| TASK DESCRIPTION |
With pictures left out, output exactly the lines from the line holding "Bambini Digital Print" through the end of the data, both included.

| GIVEN DATA |
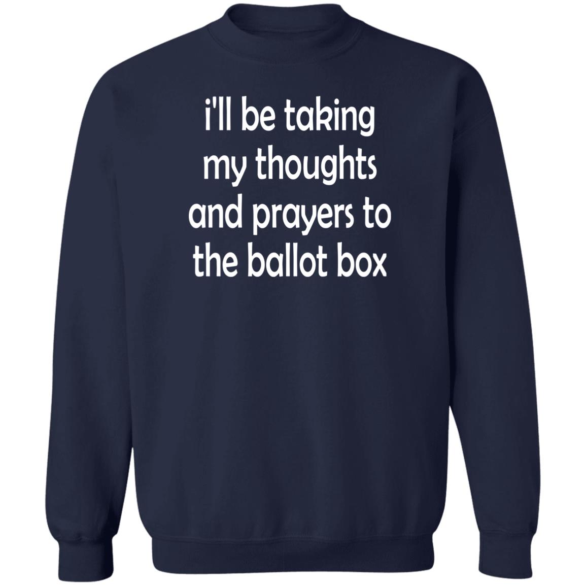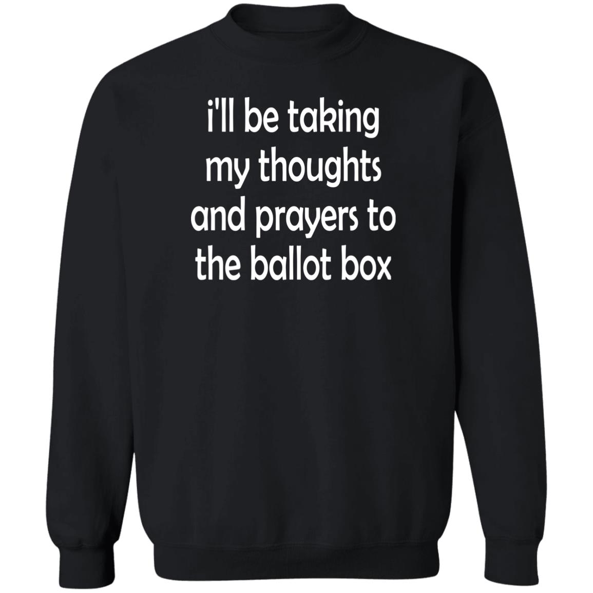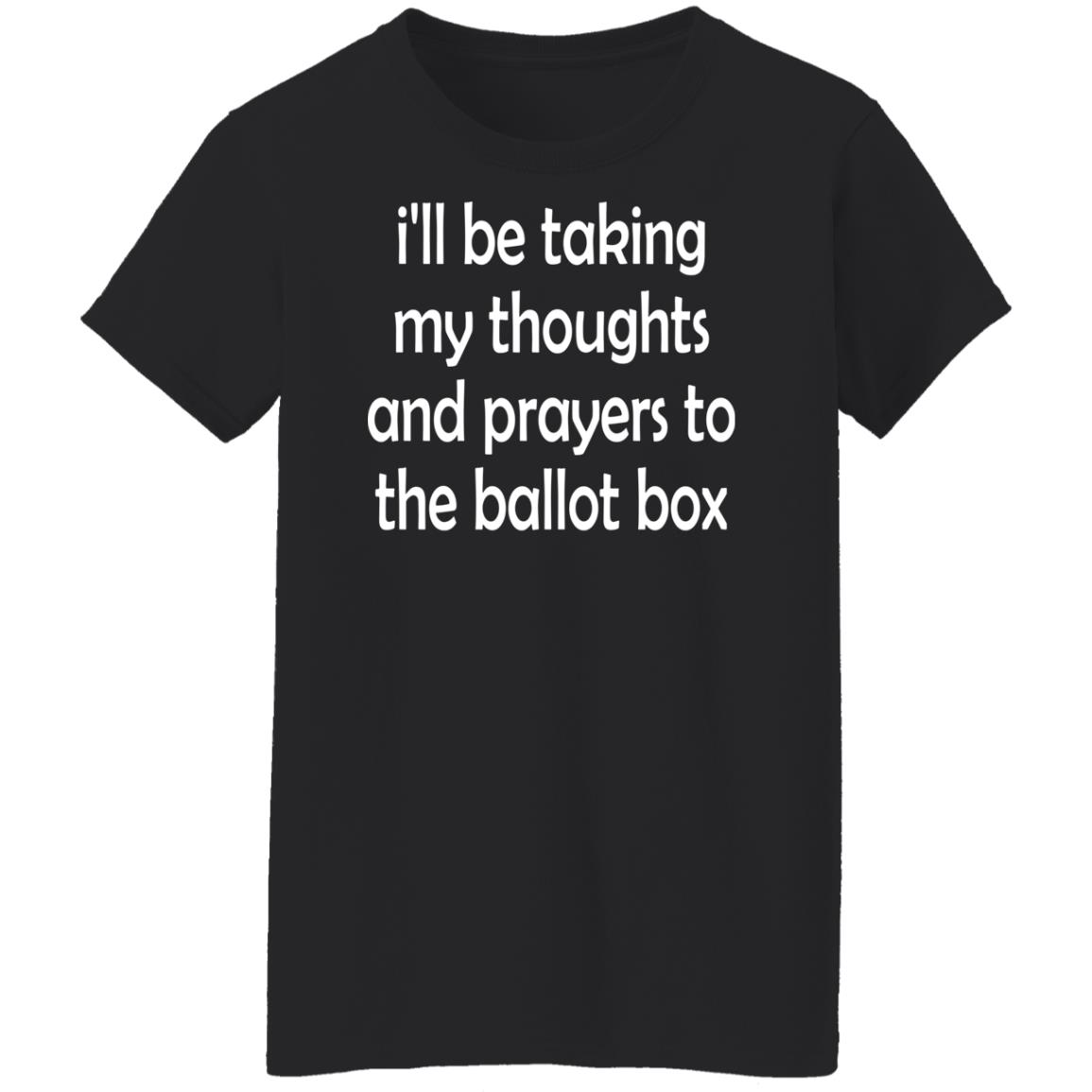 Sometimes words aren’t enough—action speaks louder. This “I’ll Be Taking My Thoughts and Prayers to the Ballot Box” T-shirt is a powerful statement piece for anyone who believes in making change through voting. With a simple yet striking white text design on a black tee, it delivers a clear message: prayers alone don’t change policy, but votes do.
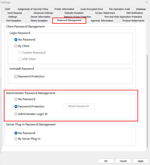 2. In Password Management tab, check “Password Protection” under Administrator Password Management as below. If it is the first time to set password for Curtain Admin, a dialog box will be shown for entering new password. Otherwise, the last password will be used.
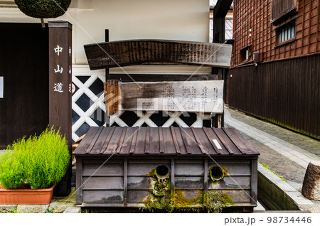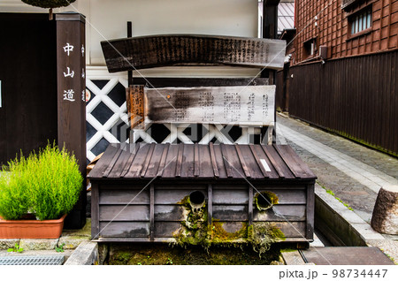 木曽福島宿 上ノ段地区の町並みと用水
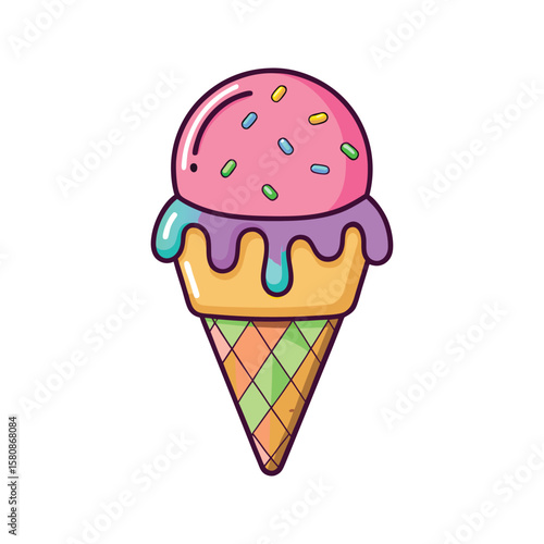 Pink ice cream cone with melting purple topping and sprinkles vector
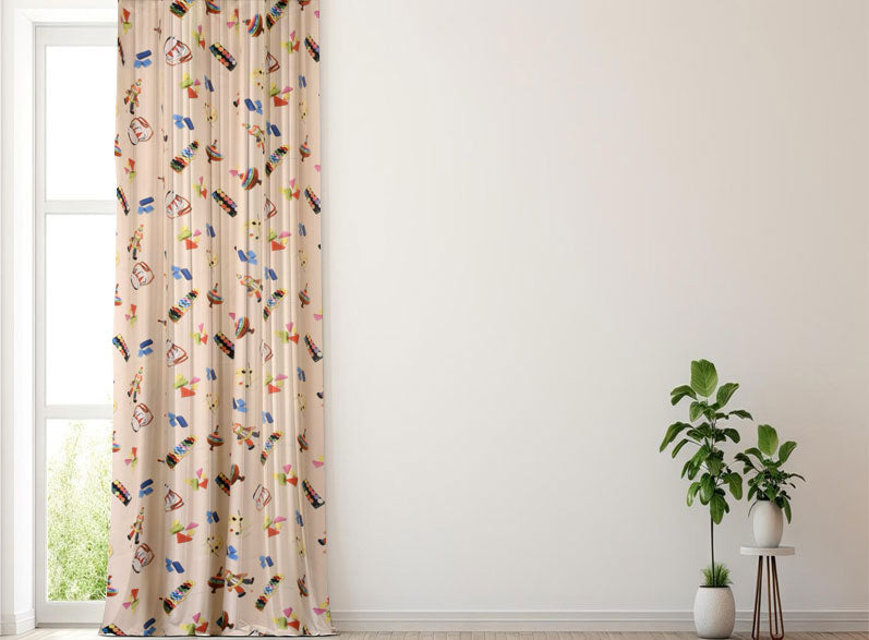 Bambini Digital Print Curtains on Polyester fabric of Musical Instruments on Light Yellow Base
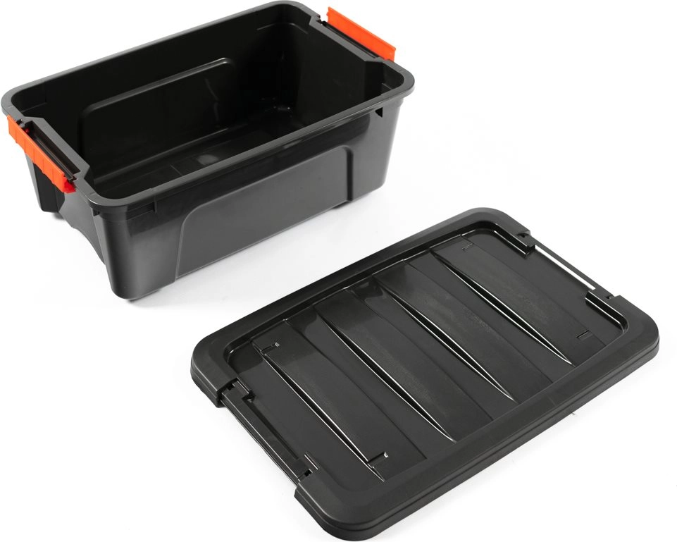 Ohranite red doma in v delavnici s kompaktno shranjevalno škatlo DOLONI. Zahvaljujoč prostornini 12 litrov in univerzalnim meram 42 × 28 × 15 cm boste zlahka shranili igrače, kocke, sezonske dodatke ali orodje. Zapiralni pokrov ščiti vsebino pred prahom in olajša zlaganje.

| TASK SOLUTION |
 Bambini Digital Print Curtains on Polyester fabric of Musical Instruments on Light Yellow Base
 Ohranite red doma in v delavnici s kompaktno shranjevalno škatlo DOLONI. Zahvaljujoč prostornini 12 litrov in univerzalnim meram 42 × 28 × 15 cm boste zlahka shranili igrače, kocke, sezonske dodatke ali orodje. Zapiralni pokrov ščiti vsebino pred prahom in olajša zlaganje.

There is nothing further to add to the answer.